So I feel I had pretty good reasons to say "f*ck it, I'm going to fix this
properly in mainline with a much prettier patch".

But none of the above really changes the fact that the patch I committed
to mainline was really quite fundamentally more invasive than either of
the "simple" patches. All three patches are small, with mine arguably the
smallest of the lot, but mine actually changed semantics, while Andrew's
and Lee's patch literally only fix the invalid pointer use.

I'll leave it to others to decide which one goes into -stable. I
personally don't really think it matters. I argue above that mine is
pretty safe and thus perfectly fine even for -stable, but reality has a
habit of sometimes disagreeing with me. Dang.

Linus

2009-01-30 16:46:18

by Linus Torvalds

[permalink] [raw]
Subject: Re: [PATCH] Fix OOPS in mmap_region() when merging adjacent VM_LOCKED file segments



On Fri, 30 Jan 2009, Peter Zijlstra wrote:
>
> > + vma = vma_merge(mm, prev, addr, addr + len, vm_flags, NULL, file, pgoff, NULL);
> > + if (vma)
> > + goto out;
>
> You've made checkpatch unhappy ;-)

Yeah, we need to fix that piece of crud.

checkpatch, that is.

I think "git grep" is more important than the "ooh, I have a tiny d*ck,
everybody else should have one too" argument against larger terminals.

Linus

2009-01-30 16:50:39

by Randy Dunlap

[permalink] [raw]
Subject: Re: [PATCH] Fix OOPS in mmap_region() when merging adjacent VM_LOCKED file segments

Linus Torvalds wrote:
>
> On Fri, 30 Jan 2009, Peter Zijlstra wrote:
>>> + vma = vma_merge(mm, prev, addr, addr + len, vm_flags, NULL, file, pgoff, NULL);
>>> + if (vma)
>>> + goto out;
>> You've made checkpatch unhappy ;-)
>
> Yeah, we need to fix that piece of crud.
>
> checkpatch, that is.

It's just advisory, fwiw.

> I think "git grep" is more important than the "ooh, I have a tiny d*ck,
> everybody else should have one too" argument against larger terminals.
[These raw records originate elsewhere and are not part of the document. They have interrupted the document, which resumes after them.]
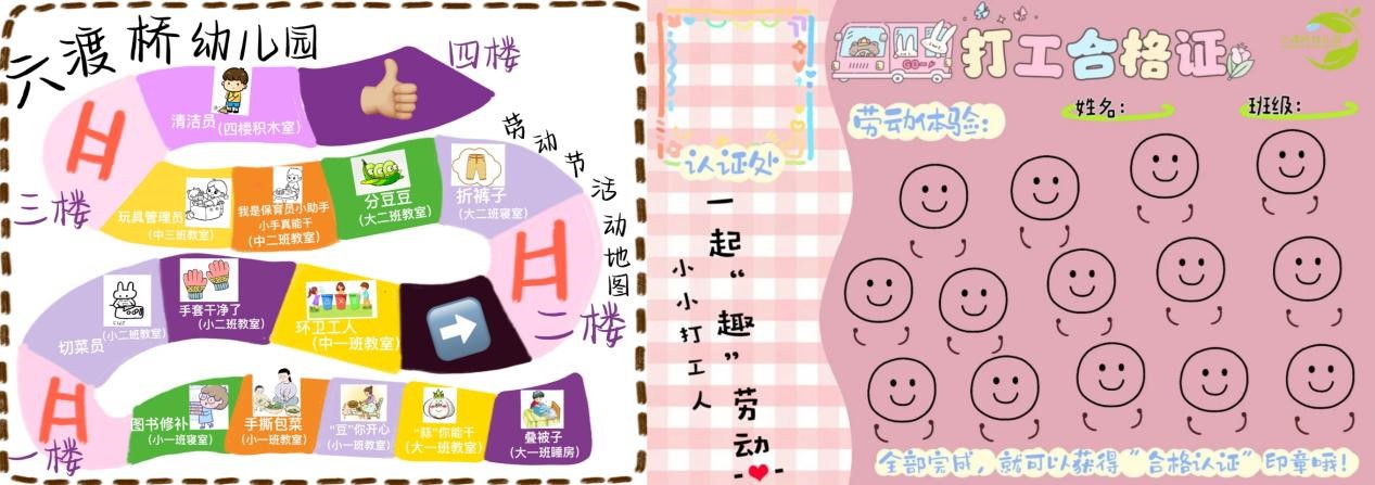 完成“劳动集结令”班级活动的小朋友可以获得一张“打工合格证”,随后就可以和家长一起在园内各点位开始打工啦!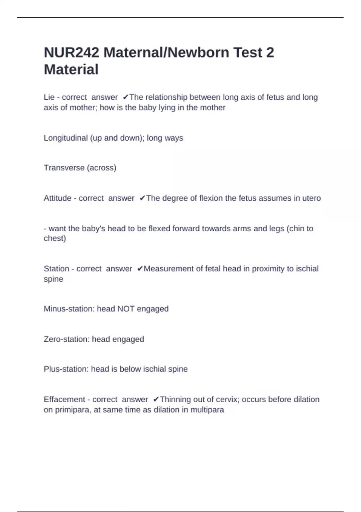 Station - correct answer ✔Measurement of fetal head in proximity to ischial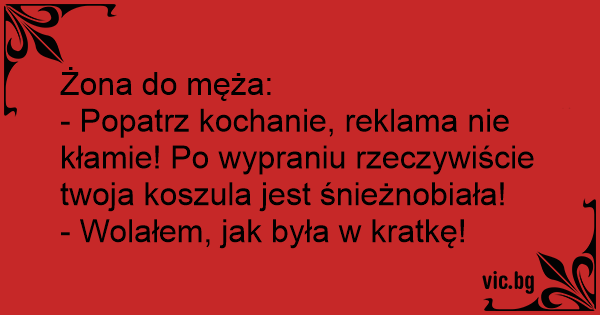 - Popatrz kochanie, reklama nie kłamie! Po wypraniu rzeczywiście twoja koszula jest śnieżnobiała!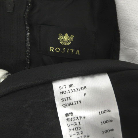 ロジータ ROJITA ツイードレイヤード風ワンピース 1333708 フリル ハートボタン リボン パール 長袖 レースアップ ひざ丈 黒 白 F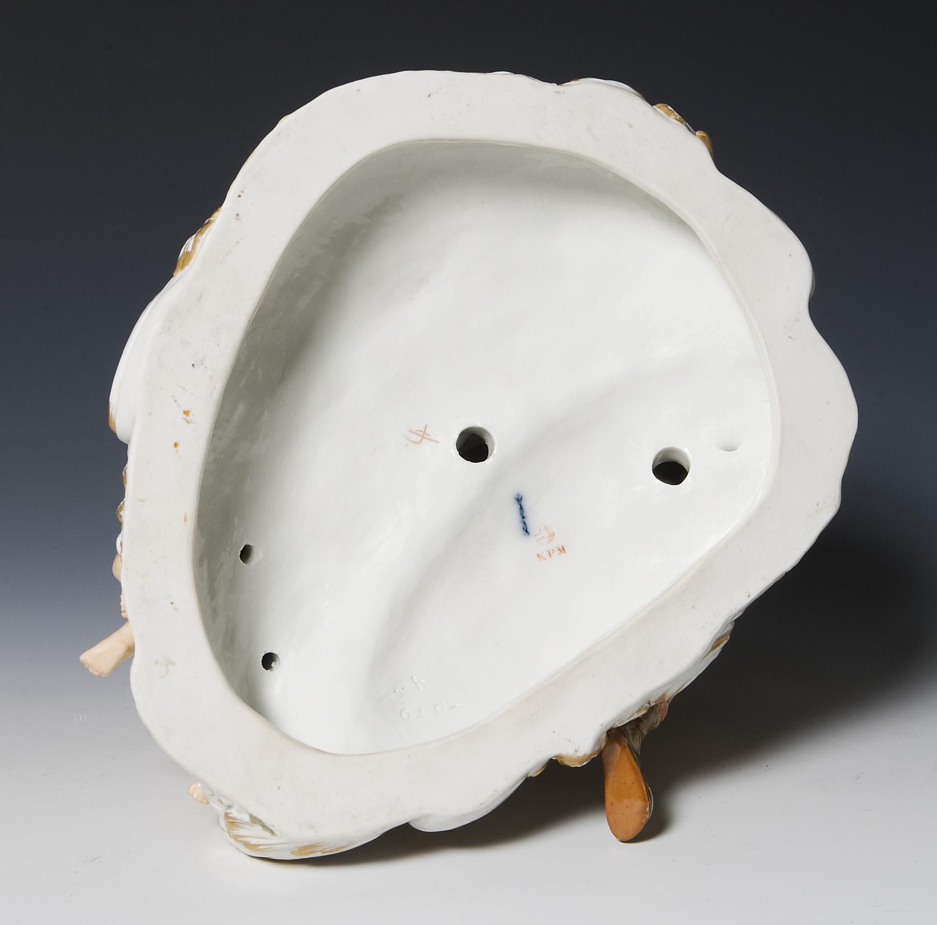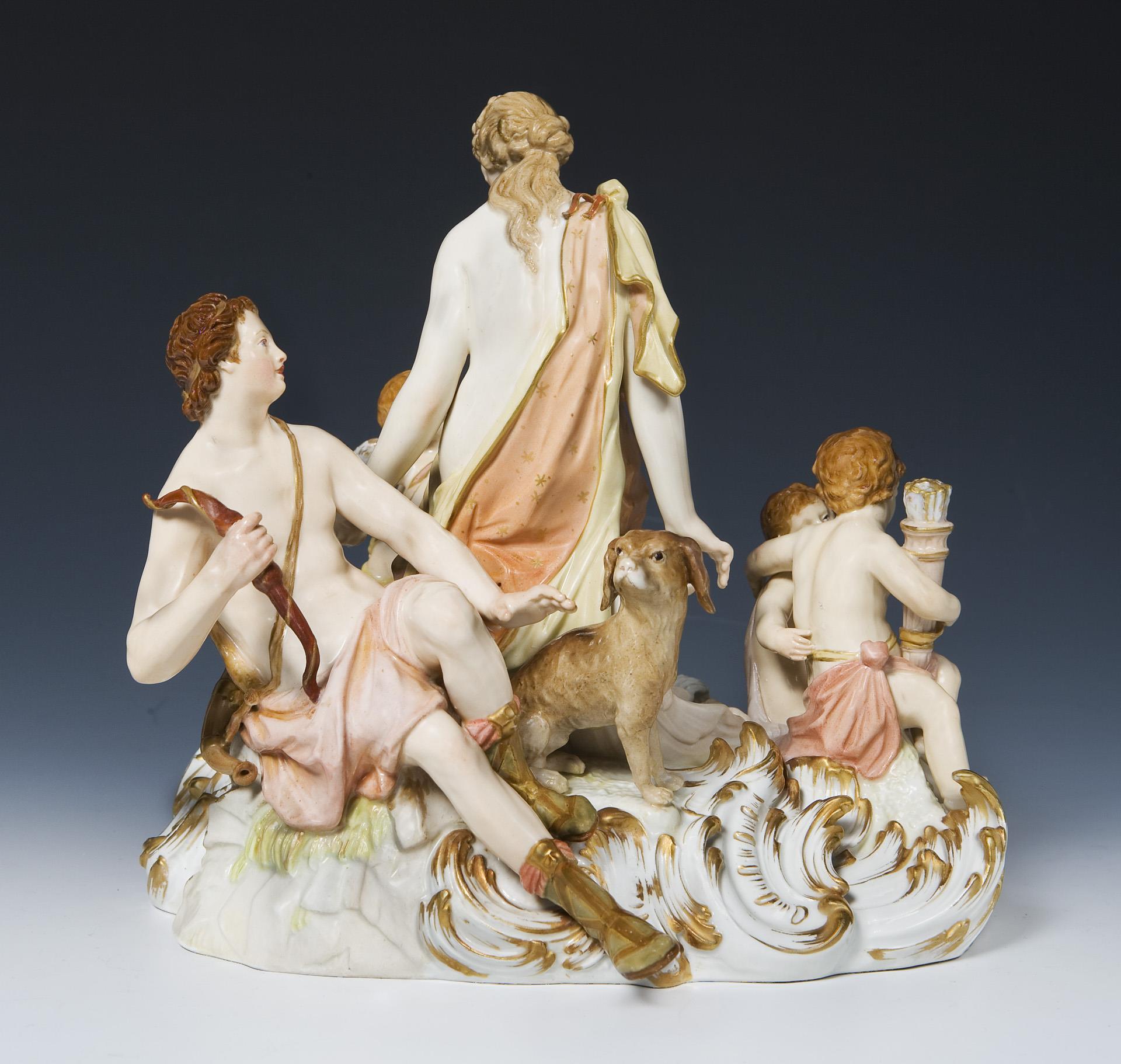 Venus, die Göttin der Liebe und der Schönheit und der schöne Jüngling Adonis, ein berühmtes Liebespaar der römischen Mythologie, die Erzählung endet tragisch, als Adonis während der Jagd von einem Eber getötet wird. Farbig bemalt, gold staffiert. Pressmarke, blaue Zeptermarke, rote Reichsapfelmarke, Malermarke. Eine Taube geklebt, Bogen, Hundeohren restauriert, ein Pfeil, eine Zehe bestoßen.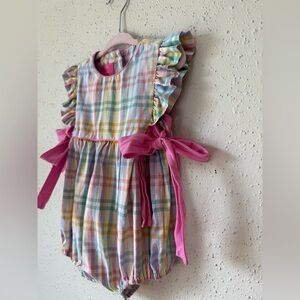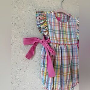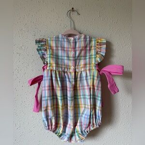 Claire & Charlie Multi Color Pastel Plaid Bubble 24M Flutter Sleeve Side Bows
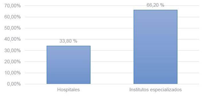 Con respecto al nivel de los establecimientos de salud que prepararon los formatos de CI se obtuvieron los siguientes resultados: los hospitales elaboraron el 33,80 % y los institutos especializados, el 66,20 % (Figura 1).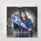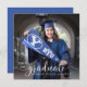 Este lindo e elegante anúncio de festa de formatura mostra uma foto da faculdade ou do formando segundo grau na frente do cartão, com uma fonte bonito de escrita de caligrafia, que sobrepõe sua foto do formando. Você pode ajustar o texto na parte traseira do cartão para fazer com que isso seja um simples anúncio de graduação ou um convite de festas de formando. Um na moda, classe e design de graduação simples! Projetado para você pelo Blackberry Boulevard.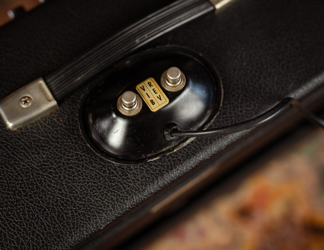 As we always do with vintage amp acquisitions, we sent this beauty over to Stan Day for a proper servicing, which included a recap, replacing tubes, and cleaning of the tube sockets, pots, etc. It's running great and sounding glorious, with a truly excellent spring reverb and nice punchy voice that only a pair of 10" speakers seem to illicit in this circuit.

and fix the Documentation/CodingStyle recommendations?

--
~Randy

2009-01-30 17:42:35

by Hugh Dickins

[permalink] [raw]
Subject: Re: [PATCH] Fix OOPS in mmap_region() when merging adjacent VM_LOCKED file segments

On Fri, 30 Jan 2009, Linus Torvalds wrote:
> On Thu, 29 Jan 2009, Greg KH wrote:
> >
> > Which version was the "non-cleanup" version that should be added to the
> > stable trees?
>
> There were two different versions:
>
> From: Andrew Morton <[email protected]>
> Subject: Re: possible bug in mmap_region() in linux-2.6.28 kernel
> Message-Id: <[email protected]>
>
> From: Lee Schermerhorn <[email protected]>
> Subject: [PATCH] Fix OOPS in mmap_region() when merging adjacent VM_LOCKED file segments
> Message-Id: <1233259410.2315.75.camel@lts-notebook>
>
> and I'm actually not at all sure which one should go into stable (or if we
> should just pick the same one that went into mainline).
>
...
>
> But none of the above really changes the fact that the patch I committed
> to mainline was really quite fundamentally more invasive than either of
> the "simple" patches. All three patches are small, with mine arguably the
> smallest of the lot, but mine actually changed semantics, while Andrew's
> and Lee's patch literally only fix the invalid pointer use.
>
> I'll leave it to others to decide which one goes into -stable. I
> personally don't really think it matters. I argue above that mine is
> pretty safe and thus perfectly fine even for -stable, but reality has a
> habit of sometimes disagreeing with me. Dang.

I'd say one of the non-cleanup versions for -stable
(but I've not compared them to see which one is better).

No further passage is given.